Roger: Sure. There's a number of other companies that I work with that use this kind of approach to strategy; Steelcase, the big office furniture manufacturer, and they've been doing extremely well selling high-end office furniture to big corporations.

VF Corporation, the company that owns The North Face and Timberland and Vans and Nautica; what I think you see with companies like that, LEGO, is that they've figured out where exactly they want to play, and how exactly they're going to win. You see a greater level of precision than I think you do in some companies.

Brendan: Do you think investors can look at companies that are using these strategies, and say, "These may be a better investment, down the road?" Can this be a tool for investors as well, when looking at the stock market?

Roger: Absolutely. I really think that it's a way of analyzing companies and just asking yourself the question, from the outside -- you'll never have as much information as the insiders but you can still analyze it -- and say, "Well, where are they playing?

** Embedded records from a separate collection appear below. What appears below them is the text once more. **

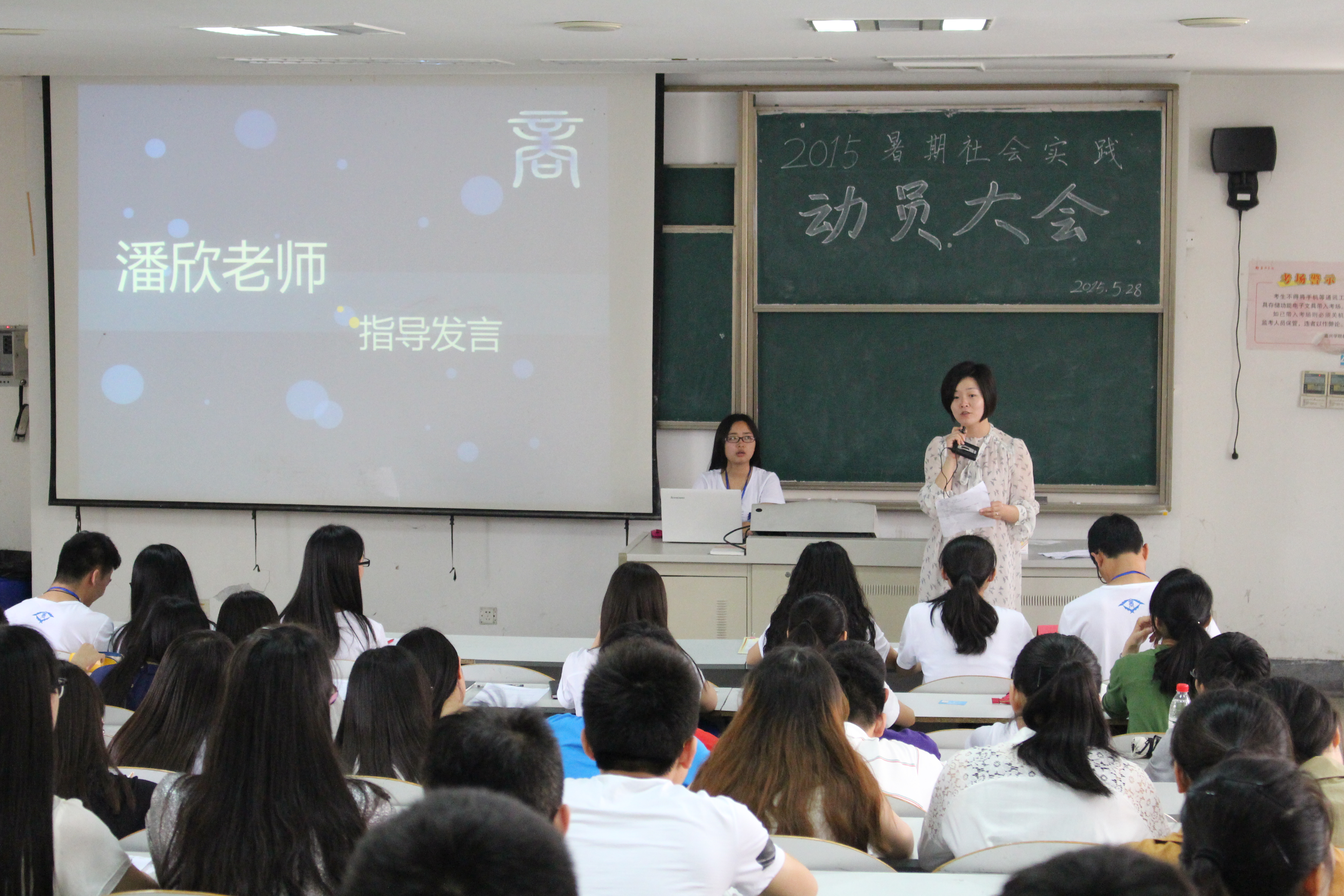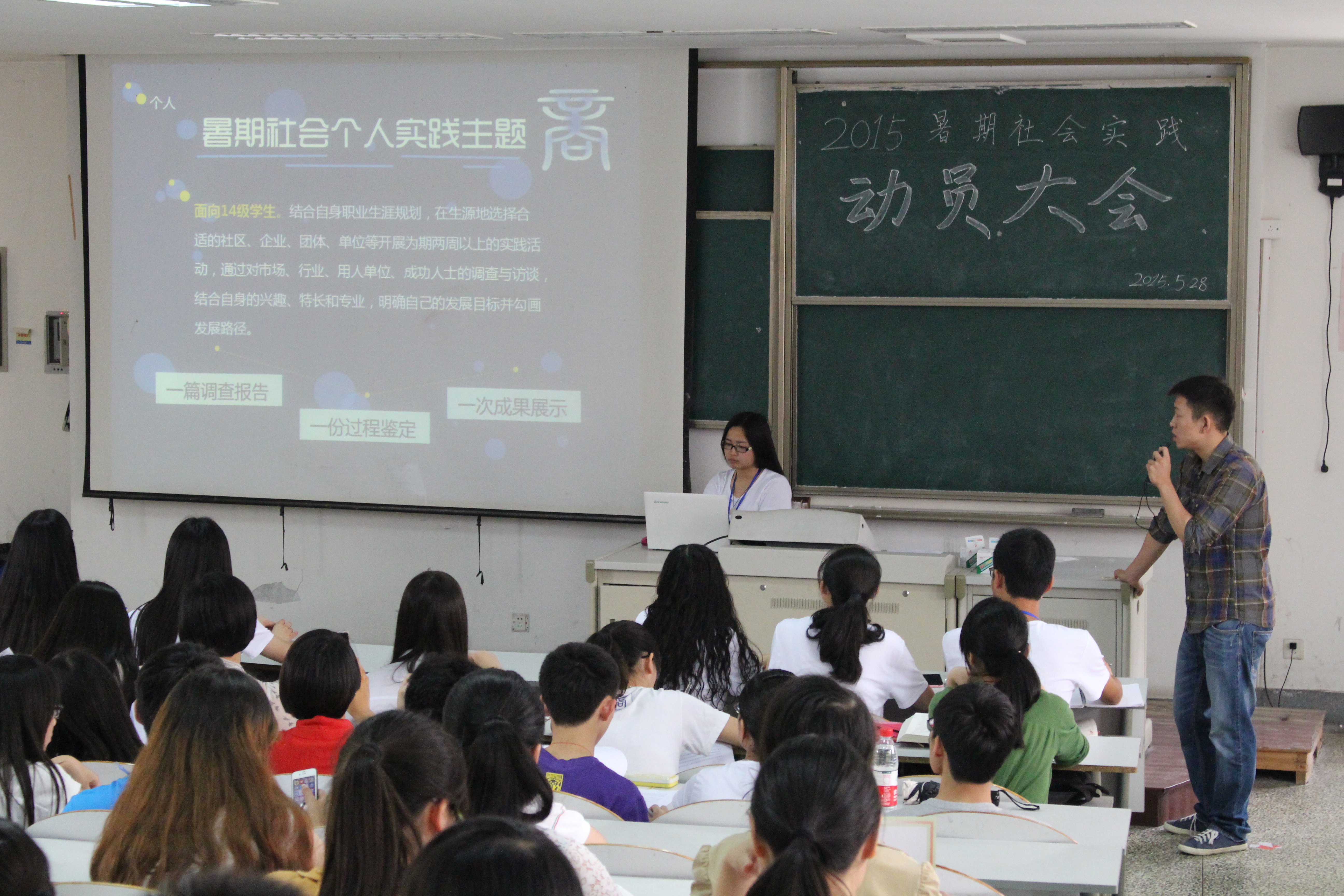5月28日中午,百家乐赔率 在教一259举行了2015年暑期社会实践动员大会。会议由团委办公室主任刘俊同学主持,百家乐赔率 团委书记潘欣老师、团学成员、班团支书和部分实践意向同学参加了会议。
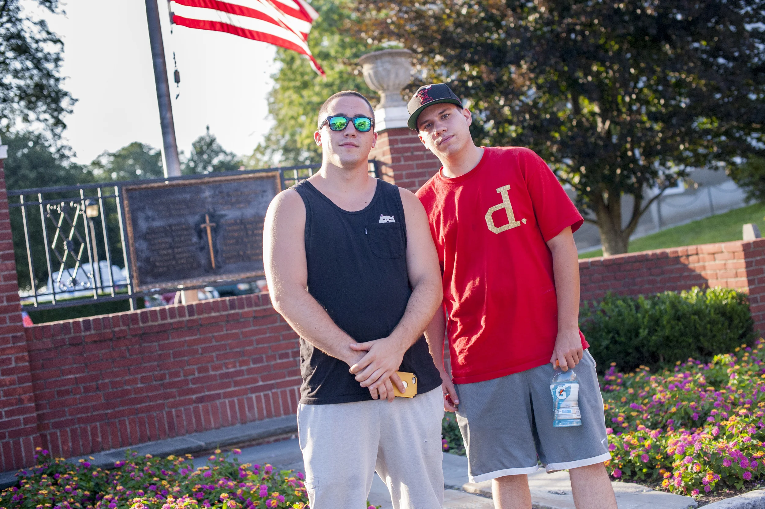 The pair, posted up near the Northport World War II Memorial outside of the village park, stared at their illuminated smartphone screens, concentrating and tapping rapidly.
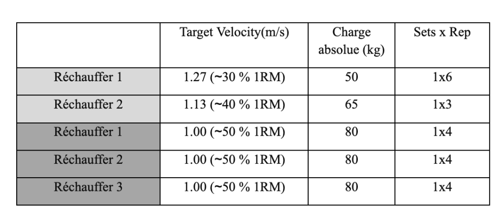 Des séries d’échauffement peuvent être utilisées pour déterminer la vitesse du mouvement et ajuster les charges avant les séries principales, comme le confirment des études précédentes (Pareja-Blanco et al., 2020a ; 2020b). Par exemple :
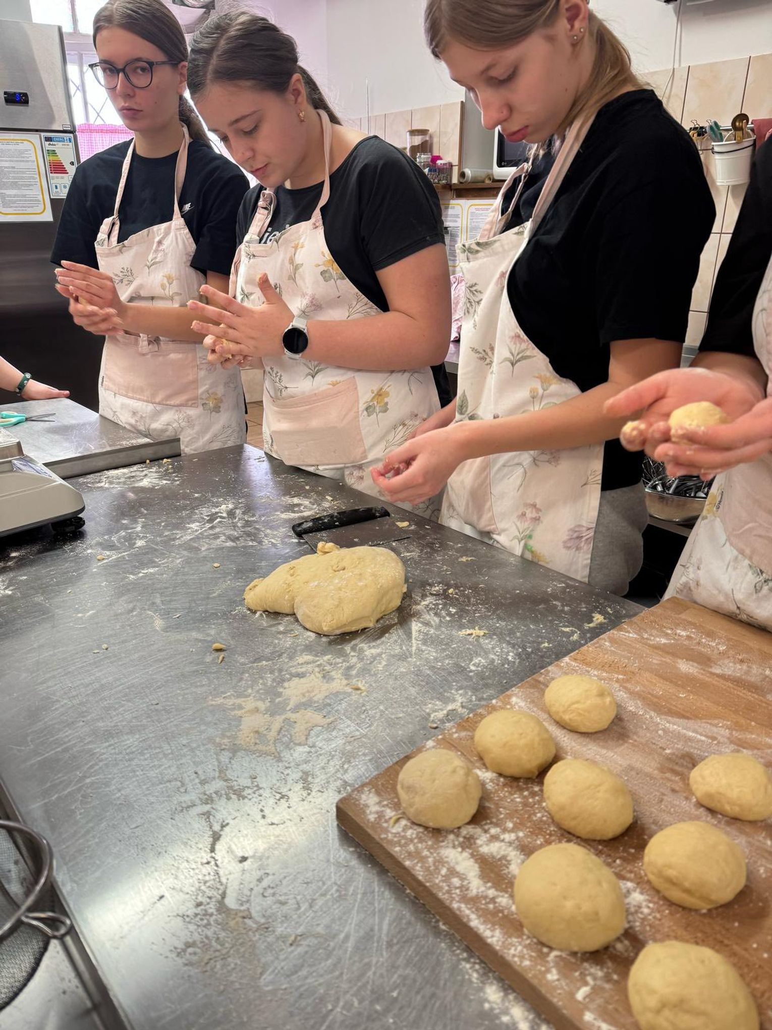 Podczas praktyk zawodowych powstają prawdziwe cuda: złociste, puszyste pączki (pewnie z różą lub ulubionym nadzieniem), delikatne różyczki z ciasta oraz chrupiące chrusty (czyli klasyczne faworki), które kuszą już samym wyglądem i aromatem.
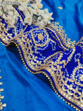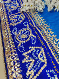 KcPc Pure Gaji Silk Handmade Bandhej Piliya Style Gotapatti Work Saree AMT Firozi Blue

Do they have a proposition that actually is winning with the customers?"

I give Jeff Immelt a bunch of credit. I think he inherited a company that maybe had had a Where to Play that expanded a little bit too much, and maybe wasn't as precise about its How to Win. I think he's trimming back on areas that are less advantaged, for him.

Good businesses -- NBC Universal, a great business -- but it fits better with Comcast. When the deal closes, it'll be fully at Comcast. GE Capital, which became a more sprawling empire of things that really worked well and didn't work so well has been shrunk back ...

Brendan: Got in a little bit of trouble back in ...

Roger: [laughs] In 2008? Absolutely.

I think investors, hopefully, are looking at that and saying, "Wow, that's getting to be a more precise strategy, where we can understand why they're playing where they are, and how they're intending to win in each of those places," and would like that.

Brendan: You talk about the idea of maximizing shareholder value as not necessarily the way to go. We've seen the movement "Conscious Capitalism" along the same lines; companies like Starbucks, Google, Whole Foods.

Those two ideas, do you think they can marry well, or do you think they're ... they're not necessarily competing philosophies, are they?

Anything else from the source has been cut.